Ces livres permettent à ceux qui s’interrogent d’avoir les données, œuvres, faits historiques, interrogations que la beauté a suscitées tout au long des siècles. Ils donnent un « trousseau de clés » qui permet d’avancer dans notre propre questionnement. Christine Sourgins ne construit pas un concept de la beauté, un nouveau dogme qui s’ajoute aux précédents mais donne des instruments, des mots, des éléments de l’histoire. Elle fournit des outils, pour ouvrir un débat, construire une pensée que l’on ne peut plus écarter. La beauté a été vécue longtemps comme une évidence, elle est devenue objet de controverse au tournant du 19ème siècle avant de devenir un interdit après les années 60. Ce travail prend compte de ce demi-siècle marqué par la diabolisation de la Beauté. Ce contraste nous permet de mieux comprendre la profondeur de ce qu’elle évoque.

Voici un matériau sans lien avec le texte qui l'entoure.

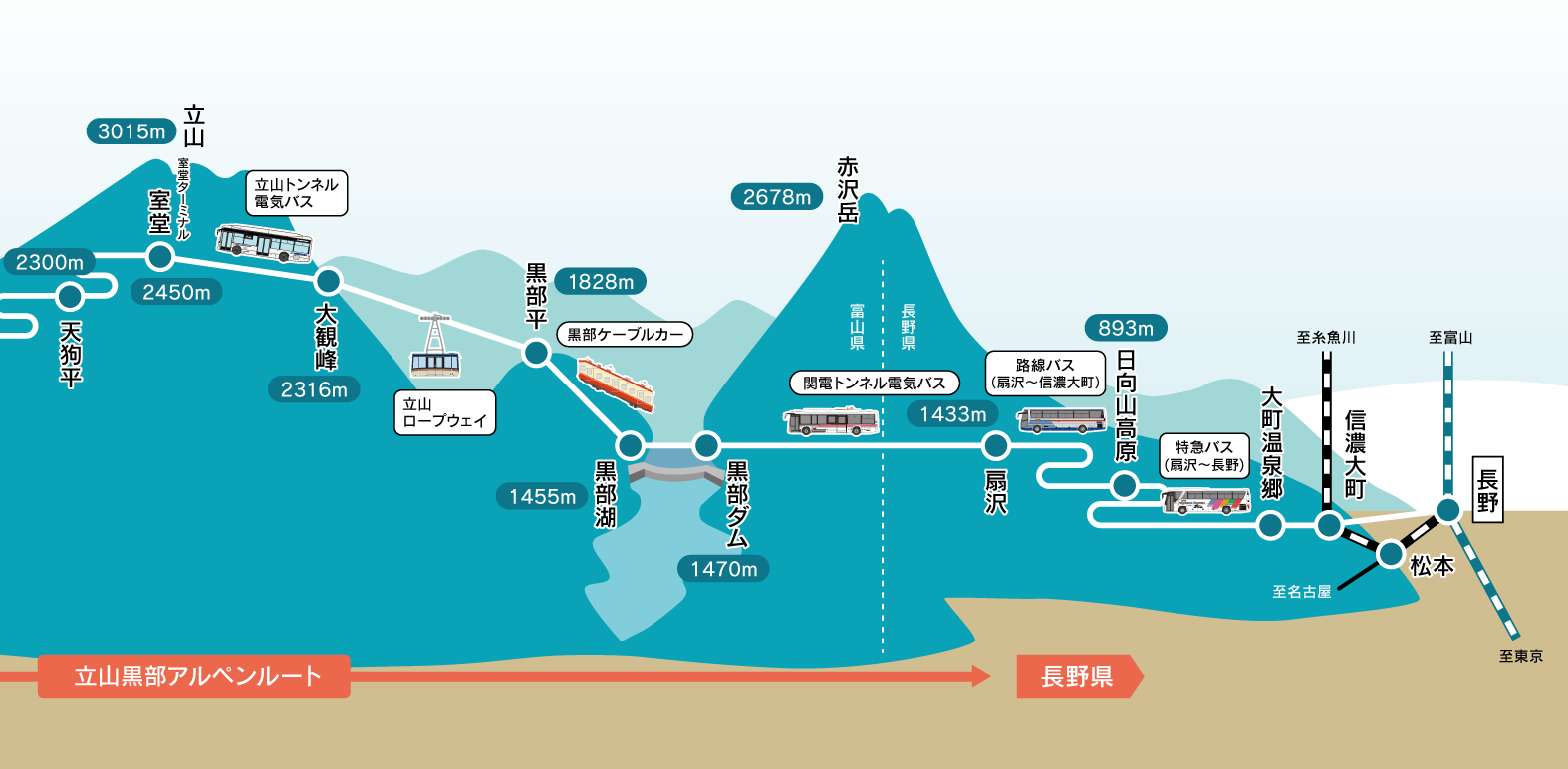 取り扱い区間は、扇沢〜黒部ダム、扇沢〜室堂の片道もしくは往復と、扇沢〜大観峰、扇沢〜黒部平の往復です。

Cette somme sur la beauté artistique n’emprunte pas le langage et les méthodes d’analyse du philosophe, sociologue, économiste, juriste. Christine Sourgins se comporte en historienne d’art pragmatique et apporte des éléments de compréhension en passant aussi par l’expérience sensible de l’art permettant d’approcher une question devenue forte aujourd’hui : qu’est-ce que l’art ? Qu’est-ce que la beauté ? Question qui peut remettre en cause la doxa en vigueur
Aude de Kerros
[1] Christine Sourgins, Les Mirages de l’Art contemporain, La Table Ronde, 2005, en poche, actualisé chez Eyrolles en 2023. [2] L’artiste le plus hautement financiarisé : Rabbit, (qui existe en plusieurs exemplaires) a atteint le record de 9,1 millions de dollars en 2019.Christine Sourgins, Anatomie de la Beauté et Géographie de la Beauté, tout deux aux Éditions Boleine, 2025, 200 pages et 15 € chacun.